S'il se tient prêt à évacuer le pays, il n'a toujours aucune véritable intention de partir. «J’ai une voiture qui est prête, une valise qui me permet de tenir une semaine, j’ai réuni tout l’argent que j’ai à gauche et à droite.»
En ce moment, dans son petit village de Petropavlivska Borshchahivka, il décrit l'atmosphère comme étant «bizarre»: d'un côté, les gens sont calmes et continuent à vivre comme si de rien n'était. De l'autre, des avions de chasse traversent constamment le ciel.
Basée à Kiev, Patricia Shmorhun Hawrylyshyn a imaginé un plan en plusieurs étapes. Cette Suissesse d'origine ukrainienne est dans la capitale depuis presque vingt ans. Elle a grandi à Genève, elle est psychologue de formation et elle nous explique ce qu'elle est en train de vivre.👇
Etablie dans le quartier gouvernemental au centre de Kiev, elle a décidé, il y a quelques jours, de déménager à 20km du centre, près de l'aéroport de Kiev Boryspil.
Pour elle, il faut envisager la situation par étapes: «Pour nous, la priorité, c'était déjà de sortir du centre, où il y avait déjà des menaces de bombardements» explique-t-elle. Dans un deuxième temps? «Partir vers l'ouest».
Réveillée à 4h30 du matin par les premiers bombardements, elle a voulu emmener sa famille encore plus loin: «On a essayé de partir dans les montagnes à l'ouest.»

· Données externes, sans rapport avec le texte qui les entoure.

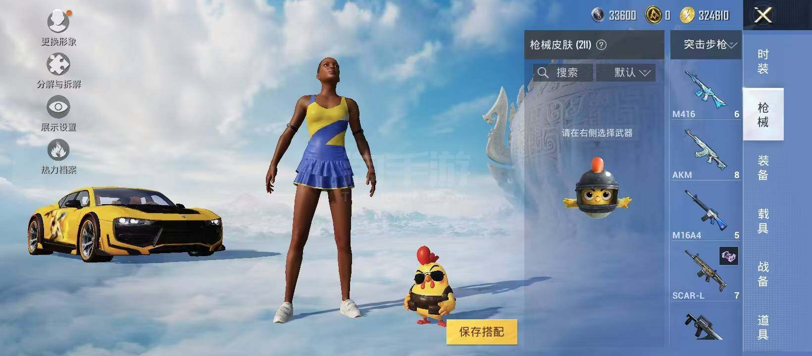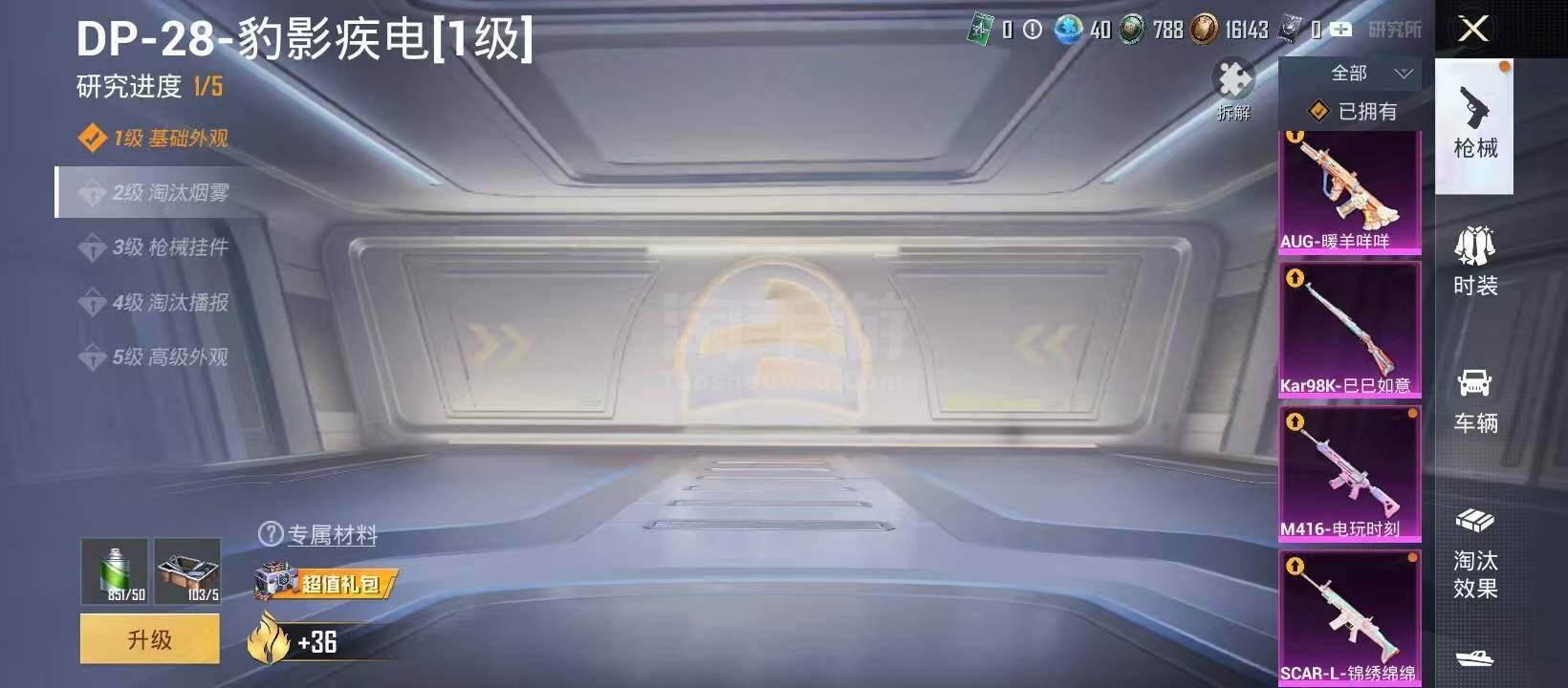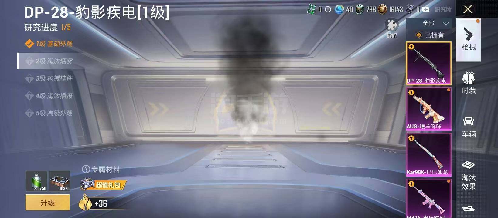 【特效枪等级】:SCAR-L-锦绣绵绵(一级),M416-电玩时刻(一级),AUG-暖羊咩咩(一级),Kar98K-巳巳如意(一级),DP-28-豹影疾电(一级)

Malheureusement, après avoir parcouru seulement 10km en 3h, et à la vue de longues files d'attente dans toutes les stations-service, Patricia a rebroussé chemin.
S'estimant chanceuse d'avoir pu quitter la ville et se rendre chez des amis à la campagne, Patricia nous explique avoir, pour l'heure, tout ce dont elle a besoin. Le mot d'ordre? Garder son calme. «On s’occupe des filles, elles font leurs devoirs, la vie continue. Je pense que, selon la situation, on avisera.»
Rentrer en Suisse? Pour l'instant, c'est impossible: «On n’est pas partis à la première vague, on ne pense pas partir à moins que nos vies soient directement en danger.»
C'est après avoir entendu les premières bombes que Marc Raymond Wilkins et sa femme ont décidé de quitter la ville. Il était alors 5h du matin et ils n'avaient préparé que leurs documents d'identité.
Dans la hâte, ils n'ont pris que quelques affaires avec eux et ont sauté dans leur voiture: «Nous avons assez rapidement décidé de changer nos plans et de quitter la ville.»
Le plan? Rejoindre Berlin via Varsovie en Pologne. À la frontière, une longue file d'attente, avec de nombreuses familles souhaitant également quitter le pays: «Il y a beaucoup de gens, mais tout le monde est très calme, choqué bien sûr, mais calme.»